Clause (d). Identifying and reaching out to children at special risk. Children who have been affected by armed conflict. The Committee notes that according to the UN Secretary-General’s report on children and armed conflict of December 2007 (A/62/609-S/2007/757, paragraphs 78–93), “reports … suggest that Shabak, Israel’s security agency, continues to seek to recruit Palestinian children to be used as collaborators inside prisons or upon their release”. “Furthermore, [the Israel Defence Forces (IDF)] continue to force civilians, often minors, to enter potential zones of conflict before the soldiers in order to clear the area or limit casualties, although the Israeli Supreme Court has ruled that practice to be illegal.” The Committee also notes that, according to the UN Secretary-General’s report, “there were five cases of abduction, involving 10 children, registered by the United Nations during the reporting period”. Three of them were attributed to the IDF. Moreover, the report indicates that “schools and hospitals continue to be attacked or occupied by both the IDF and Palestinian armed groups, in some instances resulting in the killing or injury of children. There were at least ten incidents where IDF soldiers attacked schools (both Palestinian Authority and United Nations Relief and Works Agency for Palestine Refugees in the Near East (UNRWA) schools). In five of those attacks, Israeli soldiers used tear gas and sound bombs or stun grenades inside the schools. On 18 November 2006, in an UNRWA-run school in Beit Lahia, two students, aged 7 and 12, were shot and injured inside the school by IDF”. The Committee urges the Government to take the necessary measures to ensure that children under the age of 18 will not be used as collaborators inside prisons nor recruited or forced to enter potential conflict zones.

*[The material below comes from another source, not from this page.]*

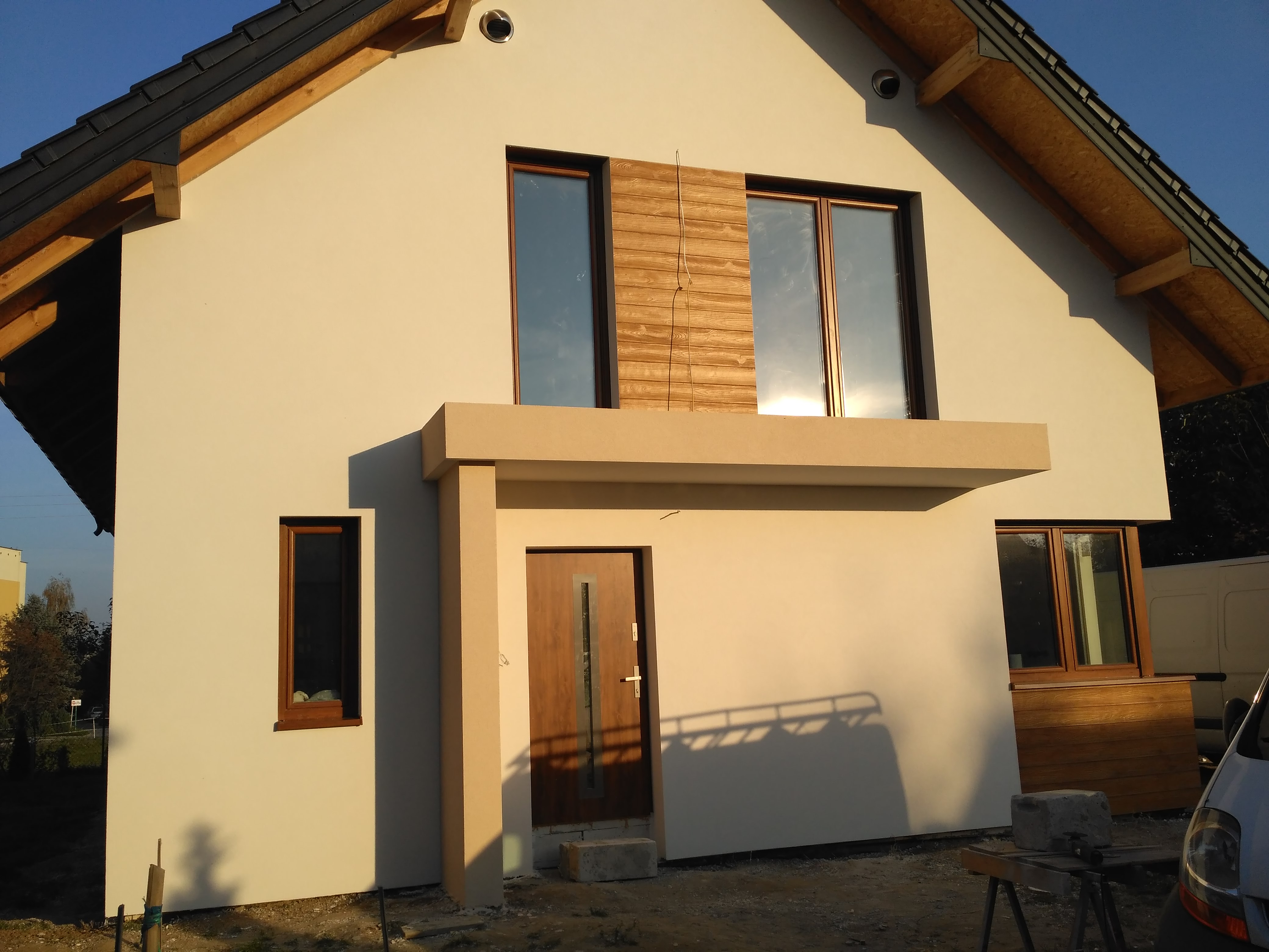 Przed nami montaż kominka, pieca na pellet, wkopywanie szamba, bednarka. Wszystko na dniach... Balkon jest w trakcie "tworzenia". Jak będzie piec, zaczynamy działanie w środku typu kafle w łazience itp.

It also requests the Government to provide information on the effective and time-bound measures adopted for the rehabilitation and social integration of children who are effectively removed from these activities.

Part V of the report form. Application of the Convention in practice. Nothing that the Government does not provide any information on the practical application of the Convention, the Committee requests it to supply copies or extracts from official documents including studies and inquiries and to provide information on the nature, extent and trends of the worst forms of child labour, the number of children covered by the measures giving effect to the Convention, the number and nature of infringements reported, investigations, prosecutions, convictions and penalties. To the extent possible, all information provided should be disaggregated by sex.